Dr Lehre is Senior Lecturer in the School of Computer Science at the University of Birmingham (since Jan 2017). Before joining Birmingham, he was since 2011 Assistant Professor with the University of Nottingham. He obtained MSc and PhD degrees in Computer Science from the Norwegian University of Science and Technology (NTNU) in Trondheim, He completed the PhD in 2006 under the supervision of Prof Pauline Haddow, and joined the School of Computer Science at The University of Birmingham, UK, as a Research Fellow in January 2007 with Prof Xin Yao. He was a Post Doctoral Fellow at DTU Informatics, Technical University of Denmark in Lyngby, Denmark from April 2010.
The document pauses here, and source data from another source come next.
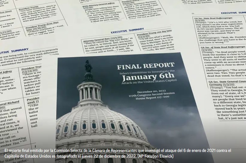 WASHINGTON (AP) — El informe final de la comisión del 6 de enero de la Cámara de Representantes afirma que Donald Trump participó criminalmente en una “conspiración multipartita” para anular los resultados legítimos de las elecciones presidenciales de 2020 y no actuó para impedir que sus partidarios atacaran el Capitolio, concluyendo así una extraordinaria investigación de 18 meses sobre el expresidente y la insurrección violenta de hace dos años.El informe de 814 páginas publicado el jueves se difundió después de que el panel entrevistara a más de 1.000 testigos, celebrara 10 audiencias y obtuviera millones de páginas de documentos. Los testigos —que van desde asesores cercanos a Trump hasta algunos de los propios insurrectos— detallaron las acciones de Trump en las semanas previas a la insurrección y cómo su campaña de presión para anular su derrota influyó directamente en quienes empujaron brutalmente a los agentes de policía y destrozaron las ventanas y puertas del Capitolio el 6 de enero de 2021.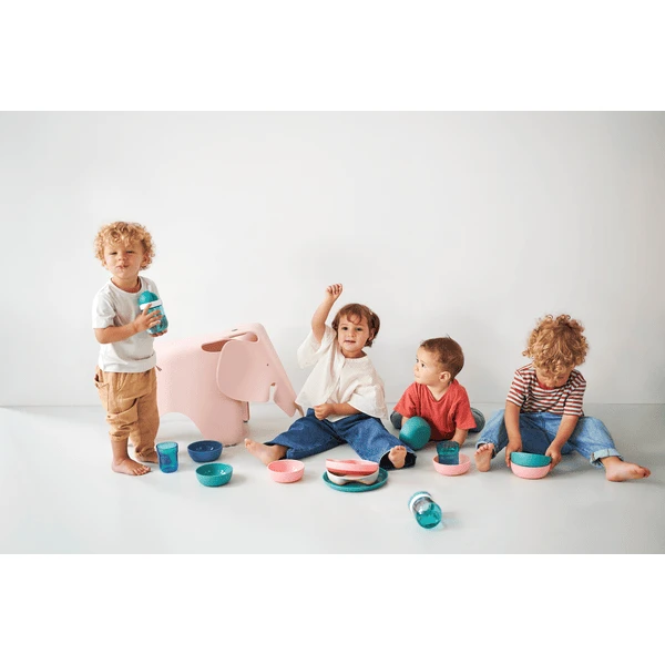 Maar ook als u uw kind nog voedt, zorgt de inkeping ervoor dat u het bord met één hand kunt vasthouden en met de andere kunt voeden. Dubbel zo mooi! De anti-slip onderzijde zorgt ervoor dat de leerplaat altijd stabiel staat.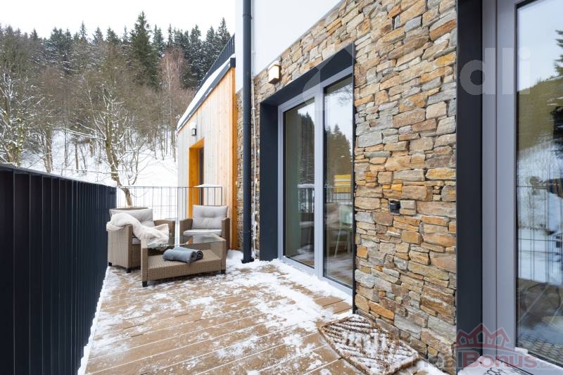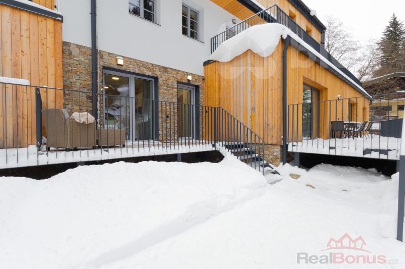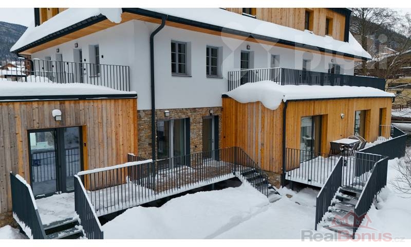 Apartmán je prakticky řešený a nabízí dostatek prostoru pro pohodlné bydlení i víkendové pobyty. Součástí jednotky je terasa, která zve k posezení s výhledem do horského prostředí, dále sklep pro uložení sportovního vybavení a parkovací stání přímo u domu, což je v této lokalitě velkou výhodou.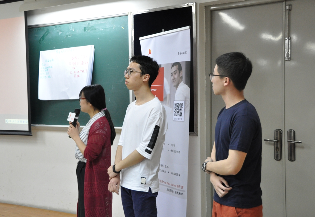 紧接着是模拟面试环节,康女士与两位面试者分别进行了三分钟的模拟面试。面试过程中,面试者自信坦然,表述流畅,受到了康女士和颜先生的好评。当然对于模拟面试环节中不足的地方,康女士和颜先生也提出合理建议:自我介绍过程中一方面要提前了解所面试的企业及其所属行业状况;另一方面要突出自身亮点。与此同时,在面试技巧方面,要与面试官有眼神交流。

Dr Lehre's research interests are in theoretical aspects of nature-inspired search heuristics, in particular runtime analysis of population-based evolutionary algorithms. His research has won numerous best paper awards, including GECCO (2013, 2010, 2009, 2006), ICSTW (2008), and ISAAC (2014). He is vice-chair of IEEE Task Force on Theoretical Foundations of Bio-inspired Computation, and a member of the editorial board of Evolutionary Computation and associate editor of IEEE Transactions of Evolutionary Computation. He has guest-edited special issues of Theoretical Computer Science and IEEE Transaction on Evolutionary Computation on theoretical foundations of evolutionary computation. Dr Lehre has given many tutorials on evolutionary computation in summer schools and conferences.